# NORFOLKLINE



## Hymie (May 9, 2005)

Just checked a couple of sample out / return dates in April - and the fare for a 7m m/home was £54 + £5 each way fuel surcharge.

This was for departure and return at 6am - to use the 8am sailings doubles the price!.

Cheers


----------



## homenaway (Jul 27, 2005)

We booked online just before Christmas via the Caravan Club and got daytime (10am out 8am return) sailings for a 6m motorhome for £68 - nothing about fuel surcharges.

Looking on the Norfolkline website the lowest cost sailings didn't match the times on CC site  

Steve


----------



## refuel (Nov 20, 2005)

I rang Norfolkline a couple of hours ago following a "Flyer" in the post today offering car+5 for £19. I asked whether they were doing any offers for Motorhomes and also whether they had removed the fuel surcharge yet. They answered No to both questions :? So back to Seafrance for me, at least until the Fuel Surcharge is removed. Can't see any reason for that staying in place - and the young lad I spoke to couldn't either 8O


----------



## fatbuddha (Aug 7, 2006)

yep - Norfolklines have just annoyed me with that multi-trip offer as it doesn't apply to motorhomes. When asked why, I was told it was down to reduced availability on space for motorhomes for 2007.

In other words, NL want cars now as they have become more successful (and need to pay for new ferries!) so they can cram more in to the decks and get more income per crossing.

Us motorhomers have helped put them in the map - now they cut us off.

Has anyone tried booking a multi-trip offer without declaring type of vehicle and then travelling with a motorhome?? They will take multi-trip bookings without a vehicle reg number which I guess would need to be declared when the sailing times are finalised. Could be worth a go??


----------



## 95897 (Jul 30, 2005)

Just booked on line out 4th June 0200 hrs from Dover and returning 0200 hrs 4th July - for 6m motorhome - £68 return. No mention of fuel surcharge.


Aaronsdad


----------



## 98452 (Apr 2, 2006)

I till now though Norfolkline were the bees knees but after the last quote this year P & O and Seafrance are half the price.

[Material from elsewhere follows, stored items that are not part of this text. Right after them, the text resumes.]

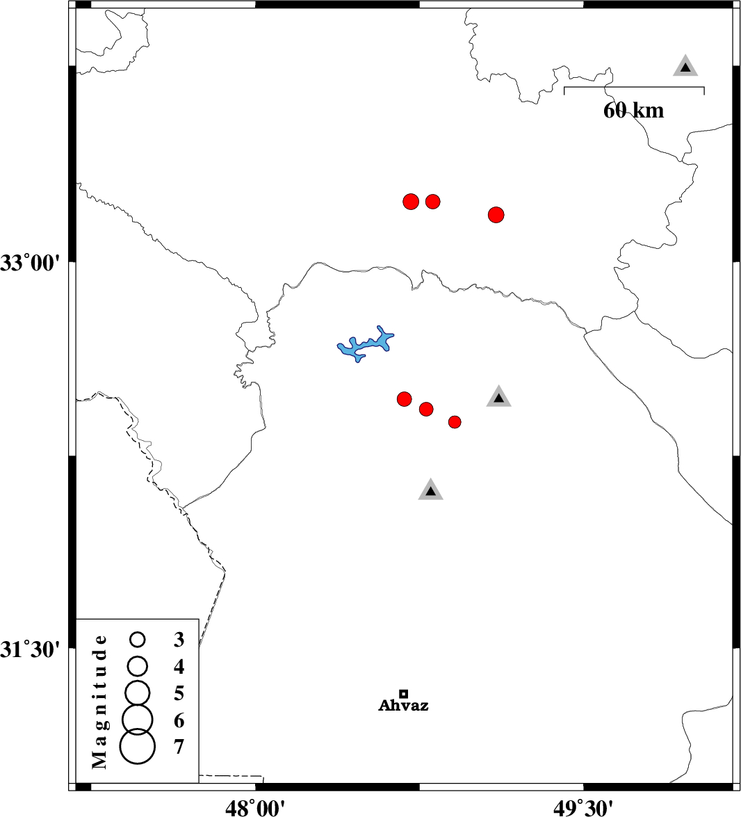 | 2009/05/03 | 09:41:56.8 | 14:11:56.8 | 32.43 | 48.78 | 14 | ML:2.8 | 30 km West of Lali, Khoozestan Province | ||
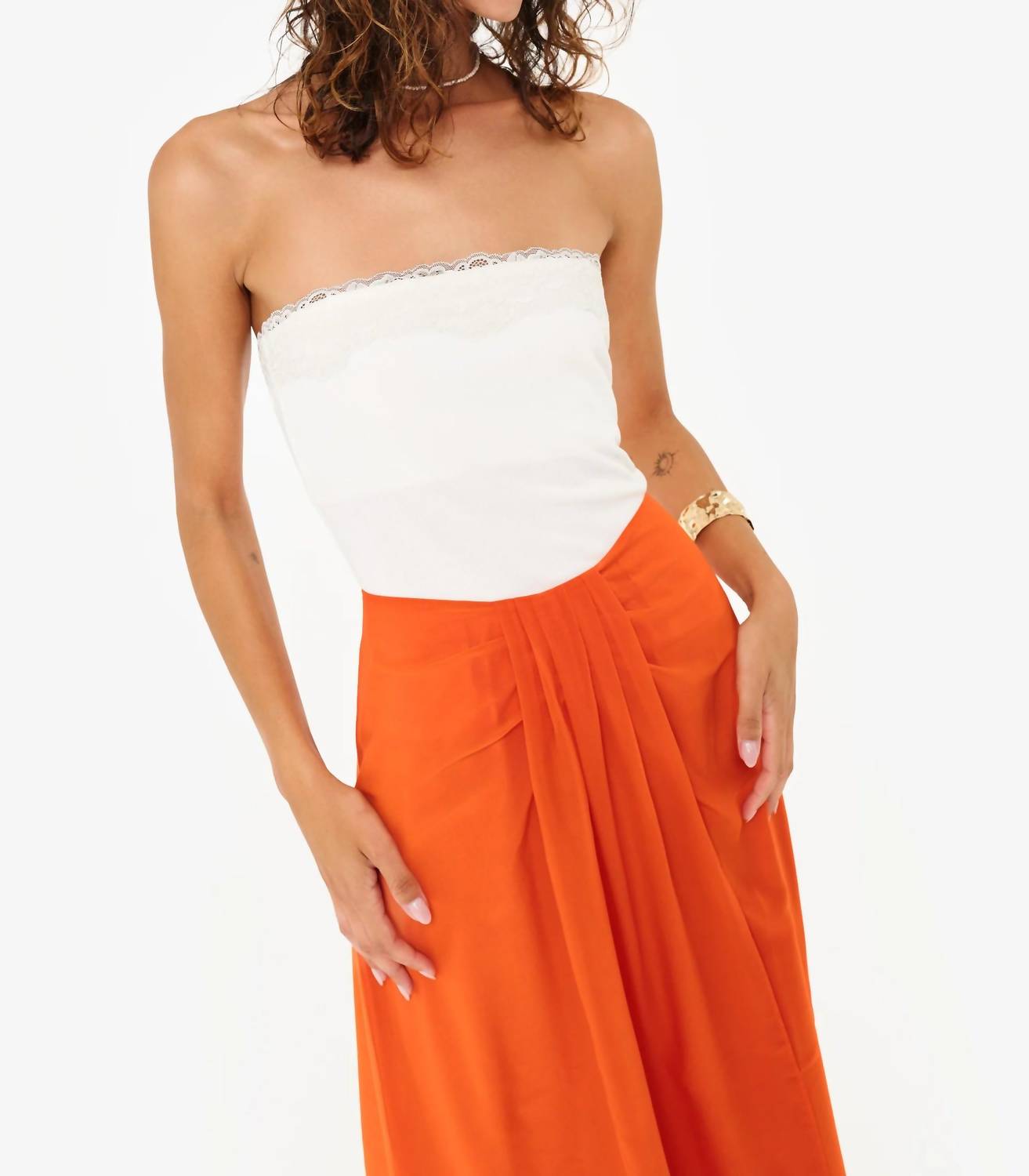 Flowy, comortable and stylish. This maxi skirt is a fan favorite. Introducing the Bahia Chiffon Skirt by Cami NYC, a stunning piece in vibrant clementine that brings effortless beauty to any occasion. Made from 100% polyester poly chiffon, this mid-rise maxi skirt features an angled waist with a front panel for a sarong illusion and an invisible zip closure at the center back. Fully lined for added comfort, its soft pleating enhances the flowy silhouette. Care for this beautiful piece with dry cleaning.
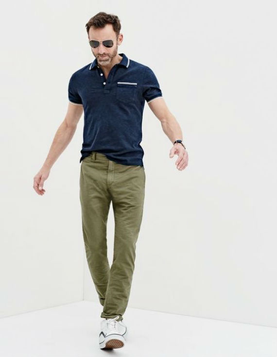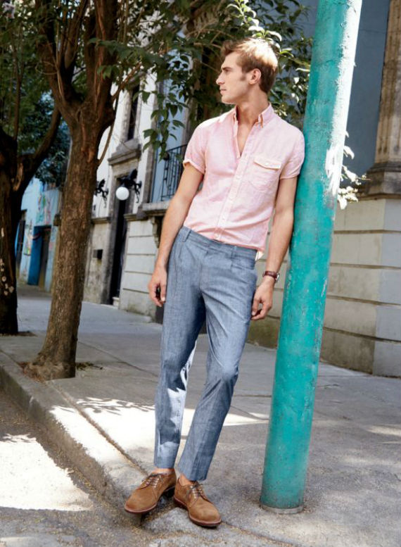 Camisas de manga curta e polos são base para o look que pode combiná-las com bermudas ou calça chino. O estilo navy, com azul fazendo par com branco é um hit, mas não é obrigatório, nos dias ensolarados cores vivas deixam o visual bonito e agradável de se ver, portanto não se furte do direito de escolher um rosa queimado, verde claro ou laranja. Os calçados ideais ainda são os tênis de lona, e quanto mais simples melhor.

Must try and get a current quote.


----------



## 92180 (May 1, 2005)

We booked NL through the CC for 8am out on the 1st April and back 12 noon 14th April 8.2 m MH and trailer with Smart on for £138 also same times for July back August £153. 

No fuel charge and I thought very good prices as our declared overall length is 12m. 

They are not dropping MH they are just running a business not a motorhome owner charity. 

Ships are very nice as are the people at the port. Much better than P&O of late - jobsworth types.


----------



## 98452 (Apr 2, 2006)

My units 14 mtrs and I cant get a quote at less the £370 low season.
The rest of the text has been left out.